- _What to do_: Please set down only the lines from the one containing "Elevate your handfasting" through the end of the entries below, exactly, minus any pictures.

- _Data for this exercise_:
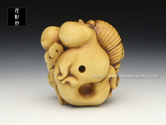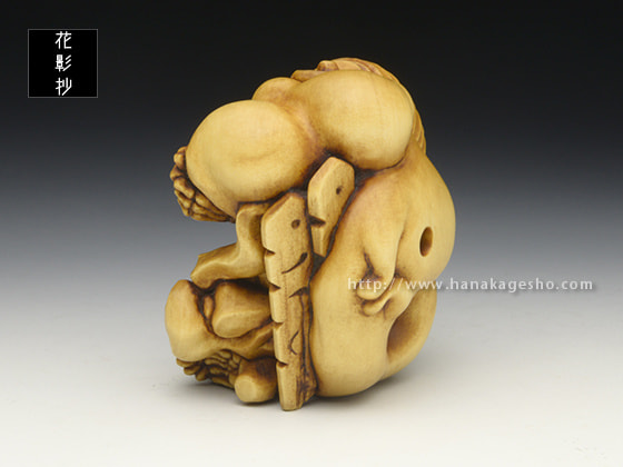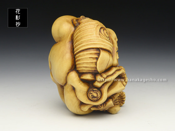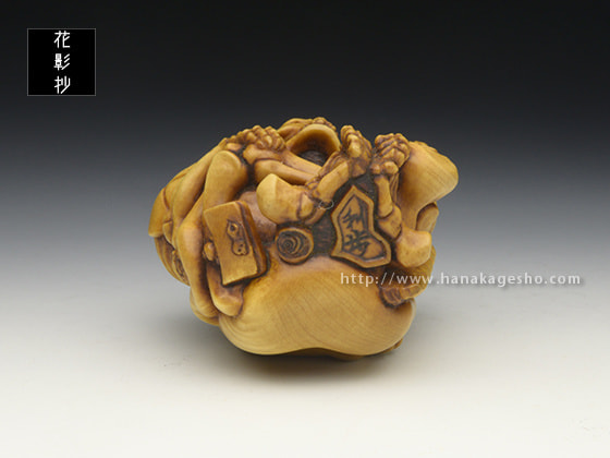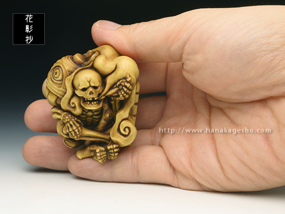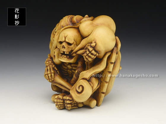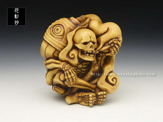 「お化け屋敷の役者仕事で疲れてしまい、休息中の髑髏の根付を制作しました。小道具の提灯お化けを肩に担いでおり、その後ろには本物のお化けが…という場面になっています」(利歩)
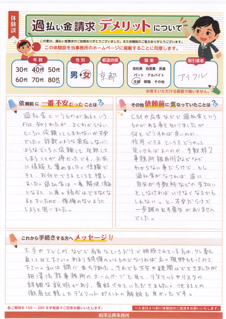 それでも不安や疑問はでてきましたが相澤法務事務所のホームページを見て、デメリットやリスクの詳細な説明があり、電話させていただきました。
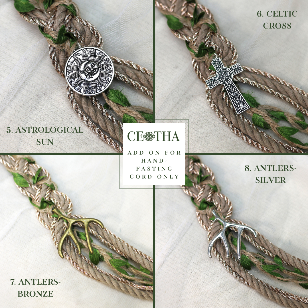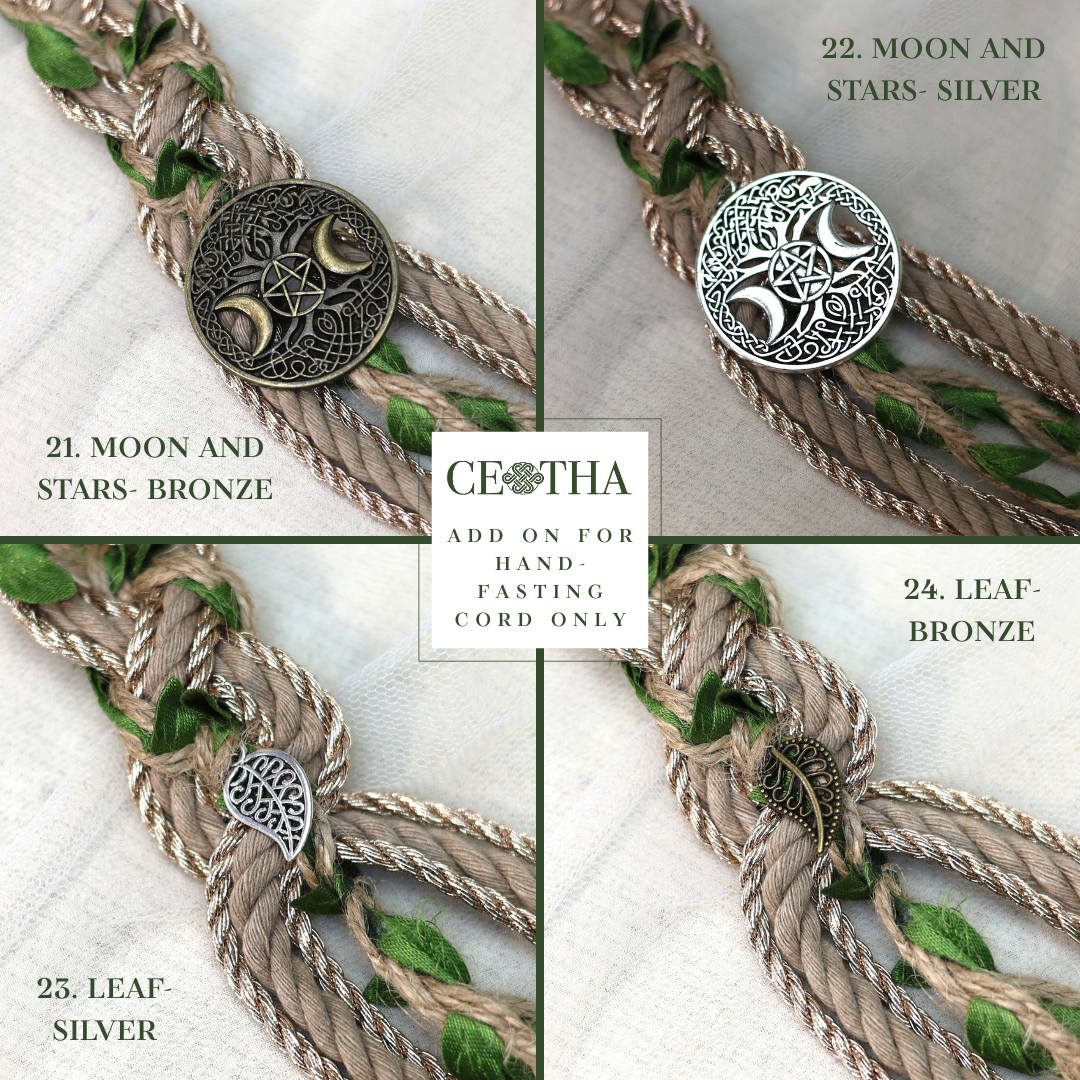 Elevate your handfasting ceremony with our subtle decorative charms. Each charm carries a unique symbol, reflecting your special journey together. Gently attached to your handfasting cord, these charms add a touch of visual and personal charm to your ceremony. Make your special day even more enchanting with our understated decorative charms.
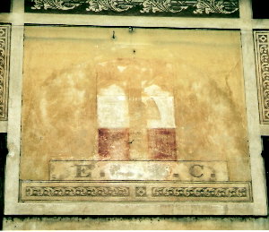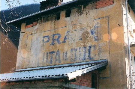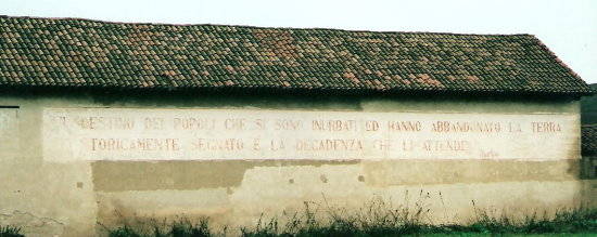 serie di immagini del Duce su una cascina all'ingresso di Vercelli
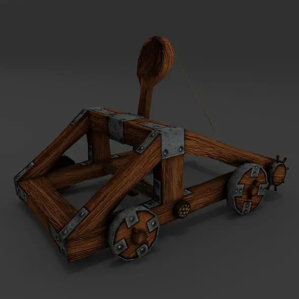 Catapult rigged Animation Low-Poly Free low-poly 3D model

- _Answer space_:
 Elevate your handfasting ceremony with our subtle decorative charms. Each charm carries a unique symbol, reflecting your special journey together. Gently attached to your handfasting cord, these charms add a touch of visual and personal charm to your ceremony. Make your special day even more enchanting with our understated decorative charms.
 serie di immagini del Duce su una cascina all'ingresso di Vercelli
 Catapult rigged Animation Low-Poly Free low-poly 3D model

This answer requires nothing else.